■ Provided records:
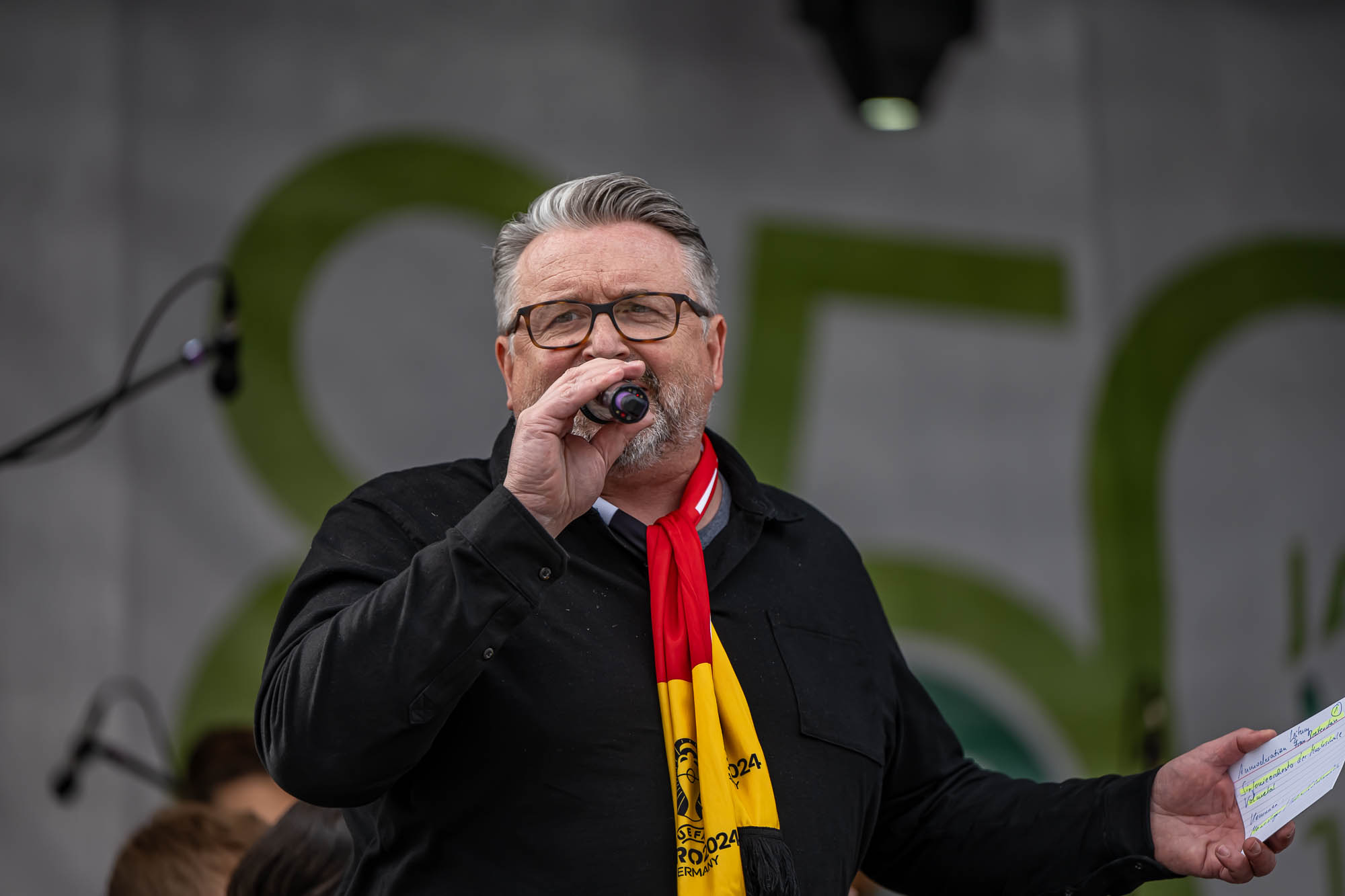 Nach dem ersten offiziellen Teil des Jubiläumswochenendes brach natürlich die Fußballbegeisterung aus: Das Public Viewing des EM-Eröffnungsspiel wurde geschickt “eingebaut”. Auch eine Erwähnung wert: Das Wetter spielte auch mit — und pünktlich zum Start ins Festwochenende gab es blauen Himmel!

==

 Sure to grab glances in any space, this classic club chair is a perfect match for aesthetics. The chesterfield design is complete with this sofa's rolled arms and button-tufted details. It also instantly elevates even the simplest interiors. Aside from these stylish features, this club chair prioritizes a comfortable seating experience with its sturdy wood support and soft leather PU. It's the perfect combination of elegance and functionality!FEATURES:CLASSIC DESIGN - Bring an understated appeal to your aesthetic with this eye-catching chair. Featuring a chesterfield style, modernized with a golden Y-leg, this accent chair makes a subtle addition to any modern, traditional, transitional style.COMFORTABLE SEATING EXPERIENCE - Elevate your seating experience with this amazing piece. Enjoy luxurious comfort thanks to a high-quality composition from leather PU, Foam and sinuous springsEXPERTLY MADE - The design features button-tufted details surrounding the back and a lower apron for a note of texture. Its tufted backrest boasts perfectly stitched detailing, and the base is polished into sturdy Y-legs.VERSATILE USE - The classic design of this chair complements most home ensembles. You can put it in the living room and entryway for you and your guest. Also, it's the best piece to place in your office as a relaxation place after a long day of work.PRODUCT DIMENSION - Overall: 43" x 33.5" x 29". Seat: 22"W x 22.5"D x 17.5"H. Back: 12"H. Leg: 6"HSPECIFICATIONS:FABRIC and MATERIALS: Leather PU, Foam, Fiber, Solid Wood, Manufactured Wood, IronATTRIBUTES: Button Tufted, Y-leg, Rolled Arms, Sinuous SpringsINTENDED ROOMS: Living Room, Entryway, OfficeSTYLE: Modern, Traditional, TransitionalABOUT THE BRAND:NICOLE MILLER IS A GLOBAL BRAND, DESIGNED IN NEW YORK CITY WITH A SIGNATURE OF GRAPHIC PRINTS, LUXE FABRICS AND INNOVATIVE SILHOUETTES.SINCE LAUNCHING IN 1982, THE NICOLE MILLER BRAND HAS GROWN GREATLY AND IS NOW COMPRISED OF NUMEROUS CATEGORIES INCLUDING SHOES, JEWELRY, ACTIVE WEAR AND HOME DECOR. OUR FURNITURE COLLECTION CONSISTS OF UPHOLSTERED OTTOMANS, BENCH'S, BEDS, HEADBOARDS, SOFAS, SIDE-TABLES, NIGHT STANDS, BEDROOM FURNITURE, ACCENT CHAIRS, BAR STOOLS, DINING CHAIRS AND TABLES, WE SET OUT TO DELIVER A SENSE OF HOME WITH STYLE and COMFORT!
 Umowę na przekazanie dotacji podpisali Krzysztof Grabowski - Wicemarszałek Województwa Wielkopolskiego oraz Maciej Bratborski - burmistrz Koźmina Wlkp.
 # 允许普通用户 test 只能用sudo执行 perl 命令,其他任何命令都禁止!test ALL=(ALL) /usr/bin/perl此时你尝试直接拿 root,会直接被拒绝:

--

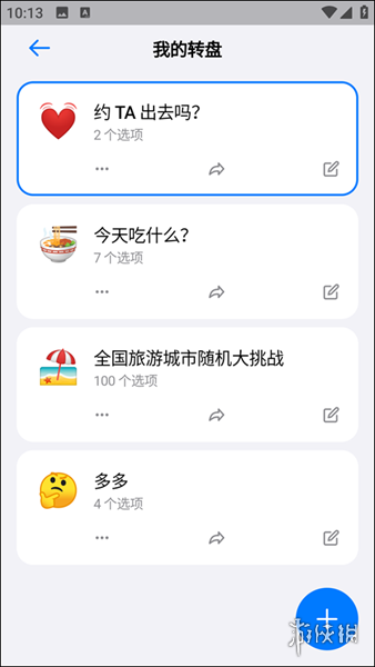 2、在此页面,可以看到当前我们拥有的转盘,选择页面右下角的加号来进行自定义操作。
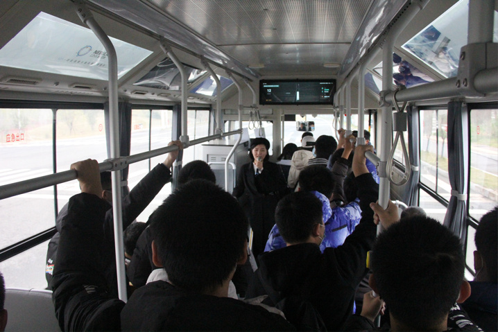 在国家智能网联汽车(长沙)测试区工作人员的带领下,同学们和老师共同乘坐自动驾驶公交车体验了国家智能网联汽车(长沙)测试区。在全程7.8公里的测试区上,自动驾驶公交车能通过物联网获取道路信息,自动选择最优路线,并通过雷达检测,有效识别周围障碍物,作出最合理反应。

■ Problem: Restate word for word only the lines above from the line containing "Umowę na przekazanie" to the line containing "# 允许普通用户 test", both of them included.

■ Task output:
 Umowę na przekazanie dotacji podpisali Krzysztof Grabowski - Wicemarszałek Województwa Wielkopolskiego oraz Maciej Bratborski - burmistrz Koźmina Wlkp.
 # 允许普通用户 test 只能用sudo执行 perl 命令,其他任何命令都禁止!test ALL=(ALL) /usr/bin/perl此时你尝试直接拿 root,会直接被拒绝:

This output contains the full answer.